--- Given information Enclosed Below ---
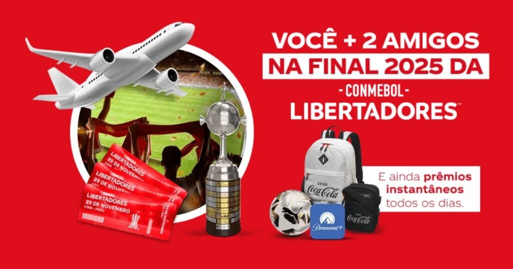 A Coca-Cola está dando mais um motivo para os fãs vibrarem junto com o futebol: a promoção Gole Premiado. Ao participar, os consumidores têm a oportunidade de ganhar prêmios na hora e ainda concorrer a uma experiência inesquecível: assistir à grande final da Copa Conmebol Libertadores 2025, em Lima, no Peru.
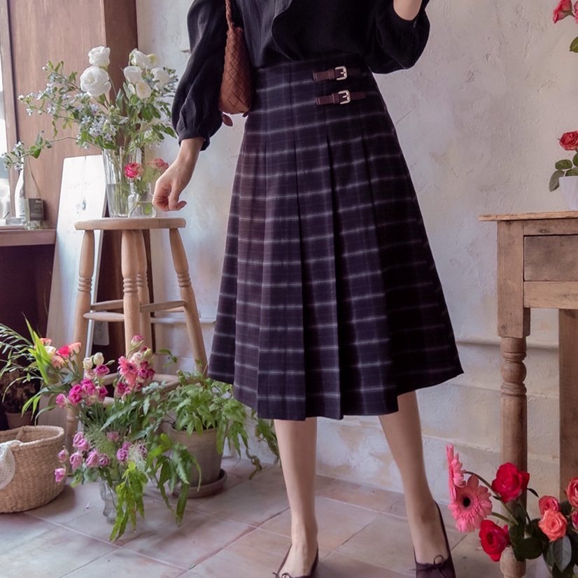 Forever Kids 正韓 秋天氣息 格紋後鬆緊腰氣質金屬皮帶長裙【CE621285】韓國代購 | Foreverkids 韓國時尚精品、韓國代購、正韓空運、洋裝、吊帶褲、外套、針織外套、寬褲
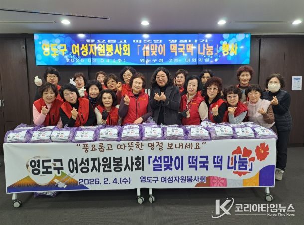 코리아타임뉴스 이아름 기자 | 영도구 여성자원봉사회(회장 이춘희)는 지난 2월 4일, 민족의 명절 설을 맞아 관내 저소득 홀로 어르신 70여 명을 대상으로 떡국떡 나눔 행사를 가졌다.
--- End of Enclosed Given information ---
▸ Aim of the task:
Please repeat the lines that run from the one holding "Forever Kids 正韓" to the last line of the material, both included, exactly and without pictures.

▸ Output of the exercise:
 Forever Kids 正韓 秋天氣息 格紋後鬆緊腰氣質金屬皮帶長裙【CE621285】韓國代購 | Foreverkids 韓國時尚精品、韓國代購、正韓空運、洋裝、吊帶褲、外套、針織外套、寬褲
 코리아타임뉴스 이아름 기자 | 영도구 여성자원봉사회(회장 이춘희)는 지난 2월 4일, 민족의 명절 설을 맞아 관내 저소득 홀로 어르신 70여 명을 대상으로 떡국떡 나눔 행사를 가졌다.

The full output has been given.